In some ways, the Jewish identity refusenik Shlomo Sand does not deserve to be lumped in with Hirsii Ali and Atzmon. He does not present his renunciation as a heroic act. He does not imply that Jewish identity is necessarily perverse and evil. He does not deny or condone the history of anti-Semitism. What Sand does argue, though, is that contemporary secular Jewish identity is at best a delusion and at worst (in the case of Israeli secular Jewish identity) an insidious form of racism. For Sand, the only viable Jewish identity is a believing, religious Jewish identity – and he is not a believer.
While Sand's argument in this slim volume rests in part on his personal experience, it is the corollary of his previous work as a historian. A Professor at Tel Aviv University, he has in recent years received considerable notoriety for his books The Invention of the Jewish People and The Invention of the Land of Israel.
The thesis that he developed in those books can be easily summarised: the idea of a single "Jewish people", tracing their origins back to ancient Israel, is a myth. Jews are an ethnically and racially varied collection of peoples, whose irreducible diversity was elided by the Zionists in their successful attempt to legitimise their colonisation of Palestine.
Despite the considerable controversy over his work, it is little more than the Israeli version of the deconstructions of national identity that have enriched historical research in recent decades.
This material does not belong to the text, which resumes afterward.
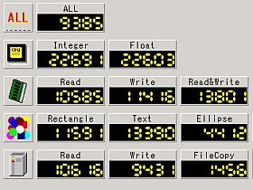 旧い10GB-HDD_DJSA-210_を使った事もあって、パフォーマンスはもうひとつで、HDBENCHのALL値は、10Kを切っています。Celeron 500MHzなら、こんなものでしょうか。_因みに、現メイン機TP600E改-550MHzのALL値は、約15K_
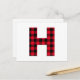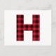 Red and Black Buffalo Plaid Bold Letter H Monogram Postcard

Israeli/Jewish identity is as historically "invented" as every other national identity is. In How I Stopped Being A Jew, Sand goes much further. He argues that secular Jewish identity can only be based on two things, persecution (being "forced" into being a Jew whether one likes it or not, as in the Nazi's racial laws) or being "born" into the Jewish people. The former is no longer an issue and the latter is based on a myth that is not only untenable, but "tribal" and "ethnocentric" into the bargain. If one is intellectually honest, there is simply nothing left on which to base a secular Jewish identity.
To the obvious objection that there are today and have been in the past many secular Jews, Sand is simply dismissive: there is no such thing as secular Jewish culture. He asserts that while writers such as Pinter, Kafka and Koestler may have had Jewish origins, that fact is entirely incidental to their work.
There is an ironic echo here of orthodox Jewish dismissals of secular Jewishness. Sand similarly dismisses the lingering involvement in Jewish "religious" rituals by many secular Jews as mere nostalgia. But the book is on stronger ground in his critique of Israeli Jewish identity. He yearns for a civil Israeli identity that can encompass the country's substantial non-Jewish minority. Sand retains an affection for Israeli/Hebrew culture but rejects Zionist efforts to treat it as intrinsically Jewish. There are many in Israel – including Jews – who would agree with him.
It is wrong to accuse Sand of anti-Semitism. However, there's no doubt that his example will be lauded by anti-Semites, just as ex-Muslims are used by Islamophobes. As a personal act, the renunciation of an identity is entirely legitimate, but when renunciation is treated as a model for others to follow, bigotry inevitably follows.